Division of Spine Surgery, Department of Orthopaedics, P. D. Hinduja National Hospital and Medical Research Centre, Veer Savarkar Marg, Mahim, India.
J Neurosurg Spine. 2012 Apr;16(4):387-93. doi: 10.3171/2011.12.SPINE11671. Epub 2012 Jan 6.
Vertebroplasty provides excellent pain relief and functional restoration for osteoporotic fractures. Short-term complications such as cement leak and embolism are well described. Incident fractures are the only well-reported long-term complications. The authors describe the cases of 5 patients who presented with back pain caused by instability or worsening neurological status 13 months (range 8-17 months) after vertebroplasty. They further classify this postvertebroplasty instability into intervertebral instability and intravertebral instability, depending on the apex of abnormal mobility. One patient presented with cement migration and progressive collapse of the augmented vertebral body. Another patient presented with an additional fracture. Both cases were classified as intravertebral instability. The cases of 3 other patients presenting with adjacent endplate erosion, vacuum disc phenomenon, and bridging osteophyte formation were classified as having intervertebral instability. Long-term effect of cements on the augmented vertebral body and adjacent endplates and discs is a cause for concern. Vertebroplasty acts as a mechanical stabilizer and provides structural support but does not bring about union. Micromotion has been shown to persist for years after vertebroplasty. This study describes persistent instability after vertebroplasty in a series of 5 cases. The authors propose that postvertebroplasty instability occurs due to collapse of soft osteoporotic bone and endplates around cement. All 3 cases of intervertebral instability were associated with an intradiscal cement leak. With increased longevity and higher functional demands of the geriatric population, the durability of this "rock (cement) between cushions (of osteoporotic bone)" arrangement (as seen in vertebroplasty) will be increasingly challenged.

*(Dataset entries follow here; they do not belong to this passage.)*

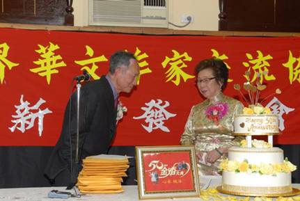 (墨爾本訊)世界華文作家交流協會的秘書長黃玉液(心水)與該會中文秘書婉冰,為了慶祝牽手五十週年的金婚典禮,於十一月十六日,假座墨爾本外效Oakleigh 中心滾球場大禮堂,舉辦了一場別開生面的隆重新書發佈會。 簽名桌旁長檯上擺放了婉冰散文集“舒卷覓餘情”與心水再版的“沉城驚夢”,讓蒞臨賀金婚的嘉賓們深感意外。 包括翁瑛敏處長、雷謙光盟長、陳之彬伉儷、蘇震西前市長、黃巧敏組長、王懷德秘書、劉國強委員、林見松伉儷、區鎮標主席、柯志南董事長、馬世源伉儷、吳天佐會長、慈濟會謝坤耀先生、趙捷豹先生、周偉文社長、黃惠元副社長、鄭毅中台長等傳媒代表、潮州會館副會長們、中華青年會、華青體育會、知用校友會、世華作家交流協會、華校協會、中華公學、欽廉同鄉會及史賓威亞裔工商會等約二百位嘉賓蒞臨祝賀。(僑領過多、恕難盡錄) 與作家夫婦深交的游啟慶司儀,開場白中介紹了心水與婉冰的著作及除了多項文學獎外,兩夫妻更獲得包括聯邦總理、州長、市長等不同類別的服務獎與多元文化傑出貢獻獎。此次五喜臨門慶典,特以「文采風流、福壽並瑧;鴛鴦比翼、美意延年」贈言祝賀。 墨爾本帷幄房地產公司董事長黃明仁太平紳士,代表黃家兄姐們致歡迎詞,由黃府長媳婦朱曉娟翻譯國語;他向嘉賓們介紹了四位兄姐後,祈望父母將來再辦鑽石婚及七十年、八十年的牽手典禮。 外孫女張伊寧亦向貴賓長輩們致歡迎詞。 駐墨爾本台北經濟文化辦事處翁瑛敏處長致賀詞,對兩位作家在文學上的成就及金婚禮祝福,最後盼望十年後心水夫婦鑽石婚時在座全體嘉賓們都再來道賀,博得全場掌聲。並代表頒發散文獎獎狀給心水先生。 專業會計師、長孫女黃如珮用純正的華語致謝詞,孫兒黃永良與外孫女張伊婷一齊向長輩們致謝。 婉冰粵語發言,情真意切,自己亦感慨動容。心水致詞時,感恩其先岳父母當年將掌上明珠許配給他,說娶到好太太會影響四代人,並在全體到賀嘉賓及兒孫們前,向婉冰三鞠躬,一感謝她事奉公婆、二感謝她五十年來不離不棄同時是其作品的首位讀者、給予校對修正錯別字,三感恩她為黃家養育了五位出色的兒女,同時是六位孫兒女們的好祖母、好外婆,詞畢全場報以歷久不散的掌聲。 心水秘書長代表“世華交流協會”頒贈紀念銅牌、給予對該會自創會以來積極支持的六位領僑,依次是雷謙光、柯志南、林見松、劉彪、游啟慶及鄭毅中。兩位作家分別贈送新書予雷謙光、區鎮標、馬世源、郭乙隆、蔡旭亮、陳冠群等多位僑領及親友們。 切蛋糕時、男女主角在滿堂兒孫們及全體來賓、一齊為於生辰結婚的壽星心水唱生日歌,場面溫馨動人。近五時賓客們始帶著歡喜心賦歸。
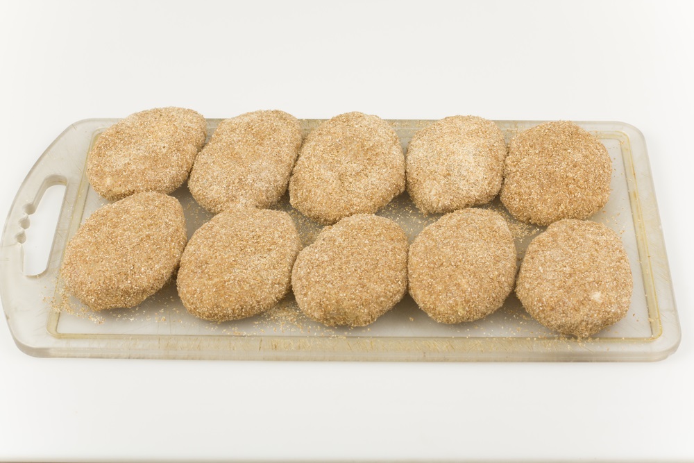 После этого добавь к фаршу яйцо, специи и соль и всё хорошенько перемешай. Мокрыми руками формируй котлеты и обваливай их в панировочных сухарях.
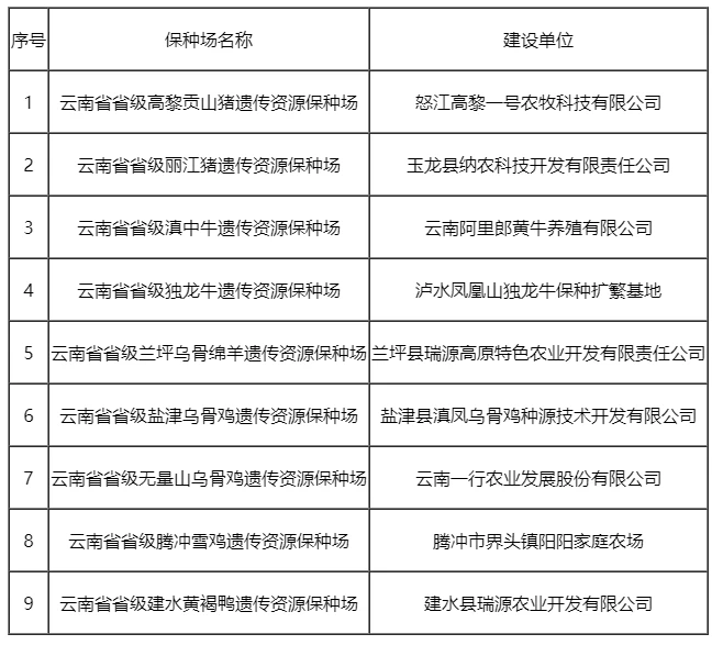 根据《中华人民共和国畜牧法》和《云南省省级畜禽遗传资源保种场保护区和基因库管理办法》规定,经逐级申报、实地审验、专家评审及公示,确定9个第二批省级畜禽遗传资源保种场(名单见附件)。
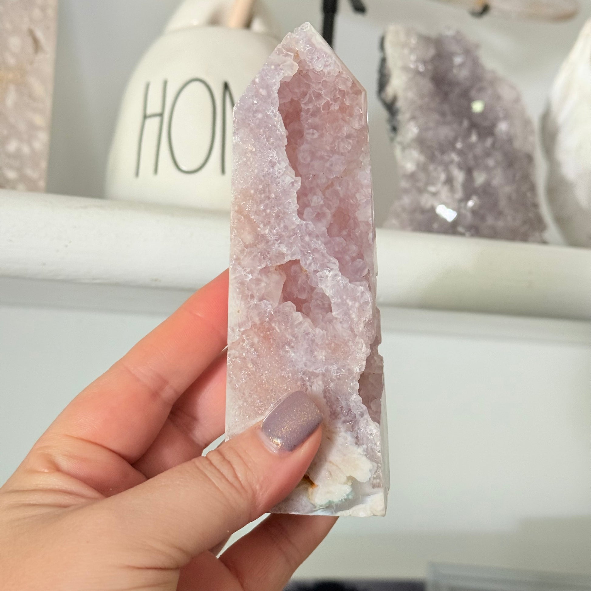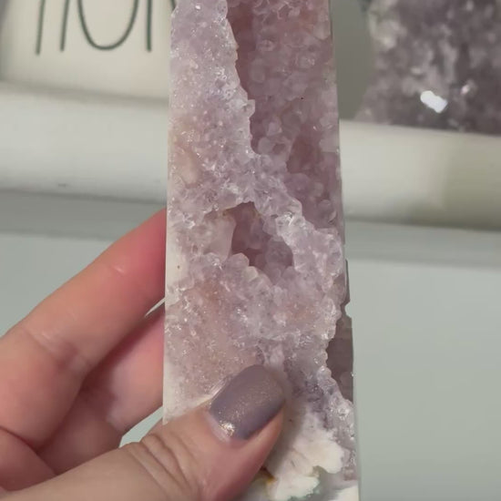 Druzy Pink Amethyst & Flower Agate Crystal Tower
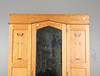 Ein eintüriger Kleiderschrank aus heller Eiche mit abgeschrägten Kanten an der Tür und symmetrisch dekoriert mit einem eingelegten Tulpendesign. Stand auf einer einzelnen Schubladenbasis mit Messingbefestigungen. Höhe 195 cm x Länge 113 cm x Tiefe 48 cm.
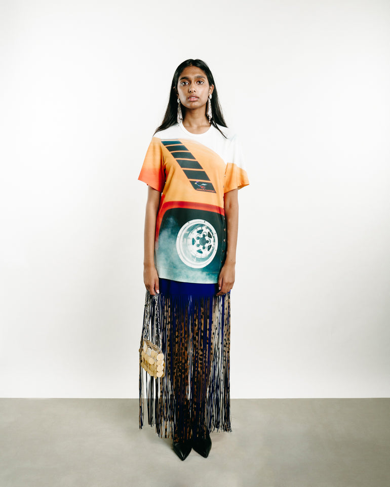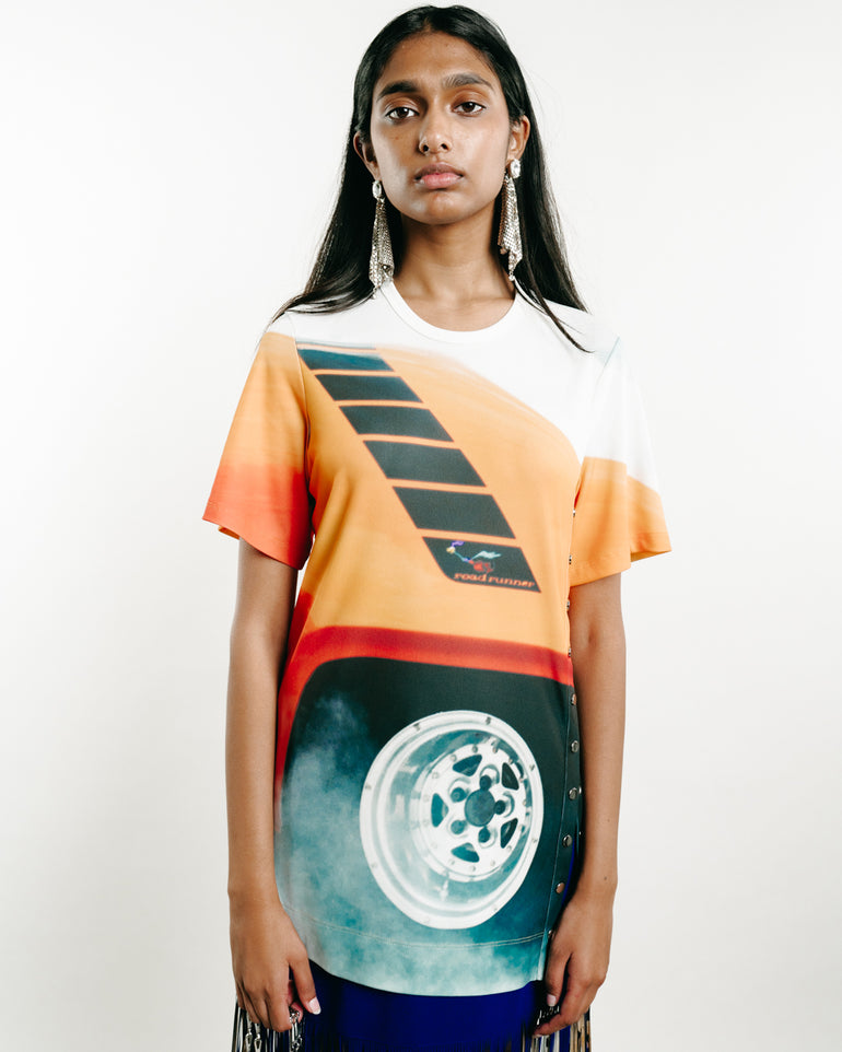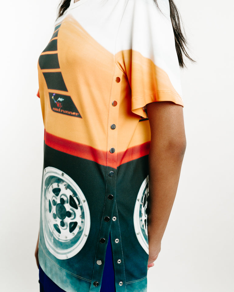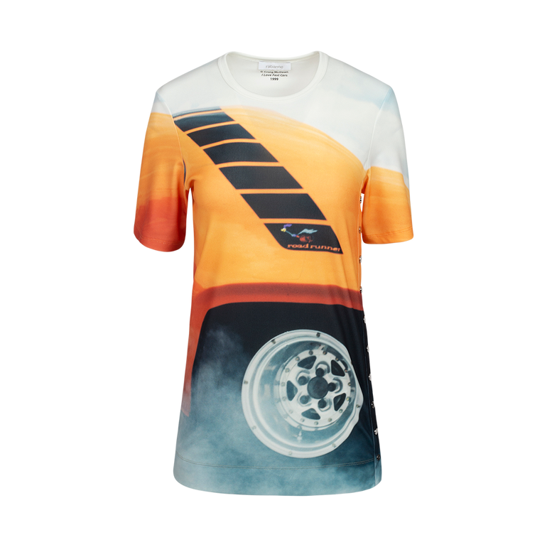 Crewneck T-shirt with short sleeves in allover "Fast Cars" graphic print.
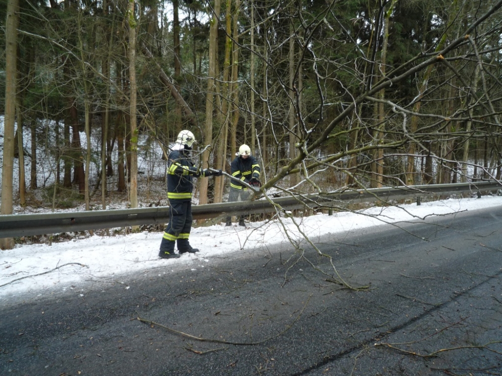 Některé silnice pokryla ledovka, u Zbytin narazil vlak do stromu

椎体成形术为骨质疏松性骨折提供了极好的疼痛缓解和功能恢复。短期并发症,如水泥渗漏和栓塞,已有很好的描述。偶发骨折是唯一报道较多的长期并发症。作者描述了 5 例患者的情况,他们在椎体成形术后 13 个月(8-17 个月)出现因不稳定或神经状态恶化引起的背痛。他们根据异常活动的顶点,将这种椎体成形术后的不稳定进一步分为椎间隙不稳定和椎体内不稳定。1 例患者表现为水泥迁移和增强椎体的渐进性塌陷。另 1 例患者表现为附加骨折。这两种情况均被归类为椎体内不稳定。另外 3 例患者表现为相邻终板侵蚀、真空椎间盘现象和桥接骨赘形成,被归类为椎间隙不稳定。水泥对增强椎体和相邻终板及椎间盘的长期影响令人担忧。椎体成形术作为一种机械稳定器,提供结构支撑,但不会导致融合。研究表明,在椎体成形术后多年,微动仍会持续存在。本研究描述了 5 例病例中椎体成形术后持续不稳定的情况。作者提出,椎体成形术后不稳定是由于水泥周围的软骨质疏松性骨和终板塌陷所致。所有 3 例椎间隙不稳定均与椎间盘内水泥渗漏有关。随着老年人口的寿命延长和更高的功能需求,这种“(骨质疏松性骨)之间的水泥(像垫子一样)”排列的耐久性(如椎体成形术中所见)将越来越受到挑战。